Além de sua consideração por O’Malley, ela reconhece os esforços do arcebispo maltês Charles Scicluna, o principal investigador dos abusos no Vaticano, pelo seu trabalho em prol das vítimas e na busca da verdade em lugares como o Chile, e também do arcebispo de Dublin, Diarmuid Martin.
“Eu tenho muita consideração por Scicluna”, disse ela. “Eu me encontrei com ele. Eu acho que ele ‘capta’ as coisas, ele realmente as capta. Ele faz o que é preciso. Ele não é intimidado por ninguém que tenha um título maior do que ele. Ele seguirá em frente, como fez no Chile, e fará as perguntas que precisam ser feitas.”

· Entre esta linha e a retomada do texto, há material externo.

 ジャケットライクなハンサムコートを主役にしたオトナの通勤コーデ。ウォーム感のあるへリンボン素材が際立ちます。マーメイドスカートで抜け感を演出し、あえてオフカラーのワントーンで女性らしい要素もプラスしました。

Quanto a Martin, ela acha que, se não fosse pela cultura clerical, “ele já teria um barrete vermelho agora”. Ela acredita que o fato de ele não ter sido nomeado cardeal se deve à animosidade de outros bispos irlandeses em relação a ele pelo seu papel em ajudar a expor a extensão do abuso sexual clerical de menores na Irlanda. Martin, que trabalhou no Vaticano a maior parte de sua carreira, foi nomeado arcebispo em 2004 e, logo depois, começou a ler a volumosa documentação sobre os abusos sexuais nos registros da arquidiocese. Ele entregou cerca de 70.000 documentos a uma comissão do governo que estudava o escândalo.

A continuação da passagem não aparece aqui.